I am posing this question looking for practical advice on how to design a system.
Sites like amazon.com and pandora have and maintain huge data sets to run their core business. For example, amazon (and every other major e-commerce site) has millions of products for sale, images of those products, pricing, specifications, etc. etc. etc.
Ignoring the data coming in from 3rd party sellers and the user generated content all that “stuff” had to come from somewhere and is maintained by someone. It’s also incredibly detailed and accurate. How? How do they do it? Is there just an army of data-entry clerks or have they devised systems to handle the grunt work?
My company is in a similar situation. We maintain a huge (10-of-millions of records) catalog of automotive parts and the cars they fit. We’ve been at it for a while now and have come up with a number of programs and processes to keep our catalog growing and accurate; however, it seems like to grow the catalog to x items we need to grow the team to y.
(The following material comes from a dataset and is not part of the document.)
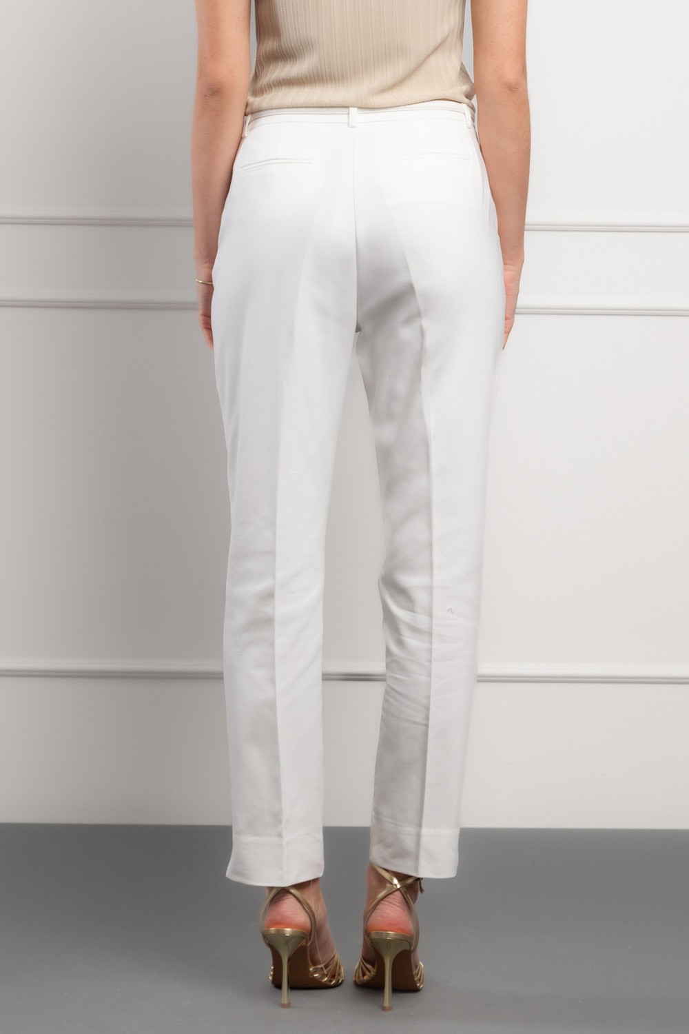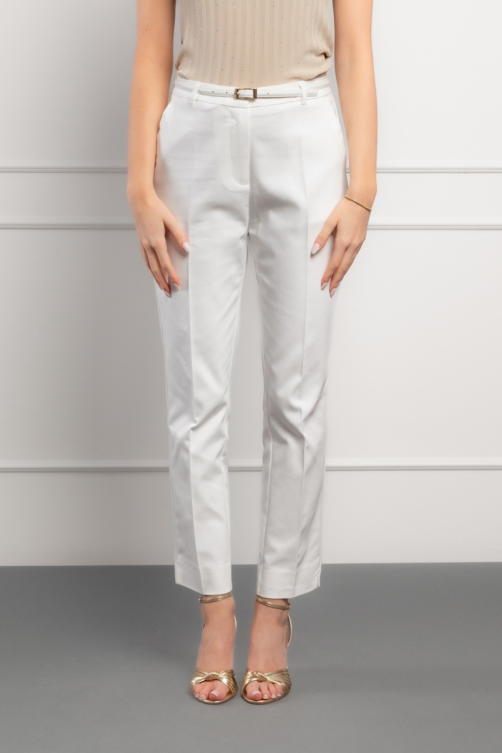 Ženske bijele hlače elegantnog, ravnog kroja savršeno prate liniju tijela i pružaju uredan, profinjen izgled. Srednje visok struk i klasično kopčanje doprinose udobnosti i stabilnom pristajanju, dok blago sužene nogavice vizualno izdužuju figuru.

I need to figure some ways to increase the efficiency of the data team and hopefully I can learn from the work of others. Any suggestions are appreciated, more though would be links to content I could spend some serious time reading.
Use visitors.
Even if you have one person per item, there will be wrong records, and customers will find it. So, let them mark items as “inappropiate” and make a short comment. But don’t forget, they’re not your employees, don’t ask them too much; see Facebook’s “like” button, it’s easy to use, and requires not too much energy from the user. Good performance/price. If there would be a mandatory field in Facebook, which asks “why do you like it?”, no one should use that function.
Visitors also helps you implicite way: they visit item pages, and use search function (I mean both internal search engine and external ones, like Google). You can gain information from visitors’ activity, say, set up the order of the most visited items, then you should concentrate more human forces on the top of the list, and less for the “long tail”.